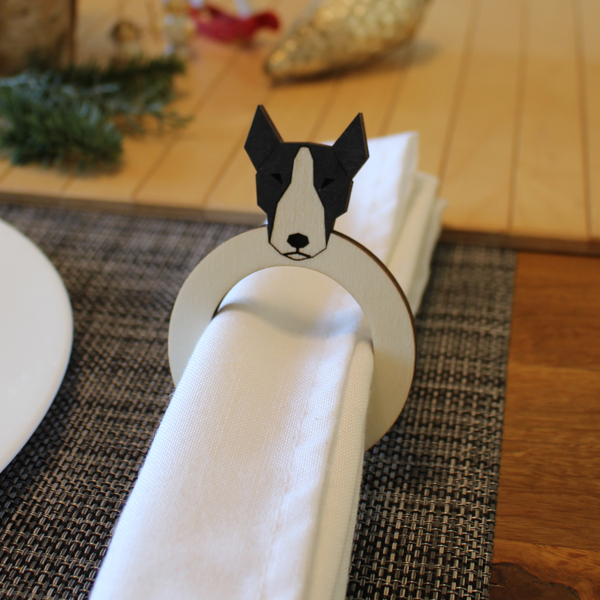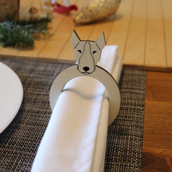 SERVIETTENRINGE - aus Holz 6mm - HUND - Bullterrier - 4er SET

---------------

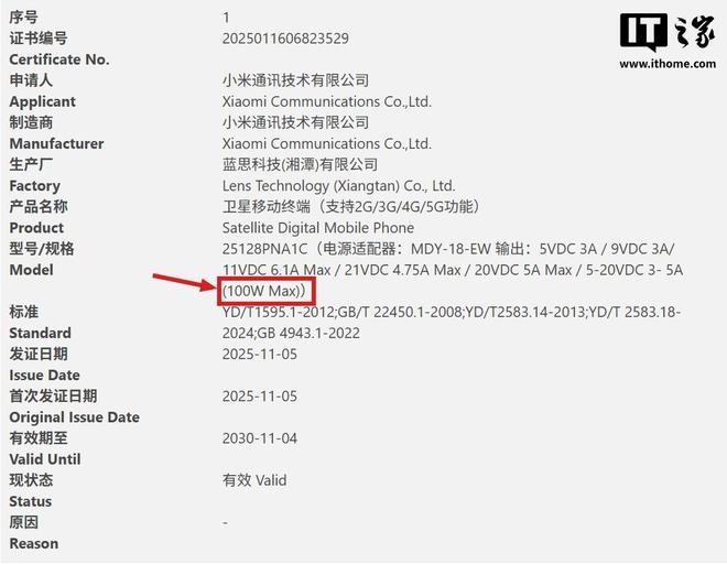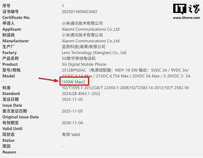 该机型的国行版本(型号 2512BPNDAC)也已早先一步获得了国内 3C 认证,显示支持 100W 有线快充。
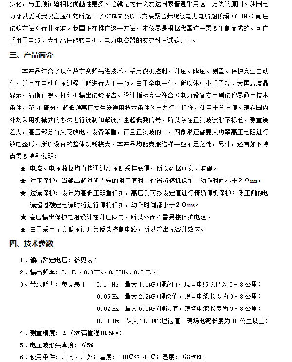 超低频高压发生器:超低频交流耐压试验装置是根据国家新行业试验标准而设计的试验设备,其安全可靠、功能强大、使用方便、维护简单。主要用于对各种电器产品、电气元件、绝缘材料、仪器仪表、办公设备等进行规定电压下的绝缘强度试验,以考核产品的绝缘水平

---------------

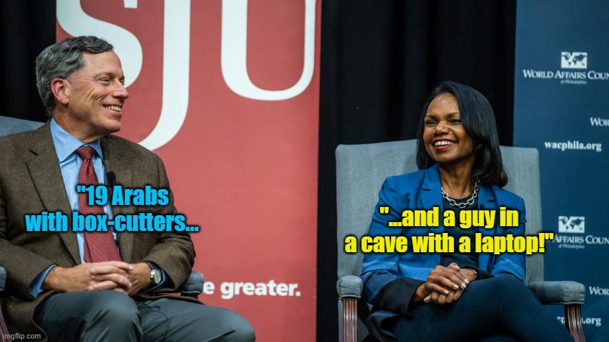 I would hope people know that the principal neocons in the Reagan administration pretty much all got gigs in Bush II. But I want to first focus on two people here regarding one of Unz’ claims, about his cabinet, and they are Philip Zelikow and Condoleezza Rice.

---------------

= Task item =
Starting at the line containing "该机型的国行版本(型号 2512BPNDAC)也已早先一步获得了国内 3C" and stopping at the line containing "超低频高压发生器:超低频交流", output each line exactly as it appears above. Leave out the pictures.

= Solution for this exercise =
 该机型的国行版本(型号 2512BPNDAC)也已早先一步获得了国内 3C 认证,显示支持 100W 有线快充。
 超低频高压发生器:超低频交流耐压试验装置是根据国家新行业试验标准而设计的试验设备,其安全可靠、功能强大、使用方便、维护简单。主要用于对各种电器产品、电气元件、绝缘材料、仪器仪表、办公设备等进行规定电压下的绝缘强度试验,以考核产品的绝缘水平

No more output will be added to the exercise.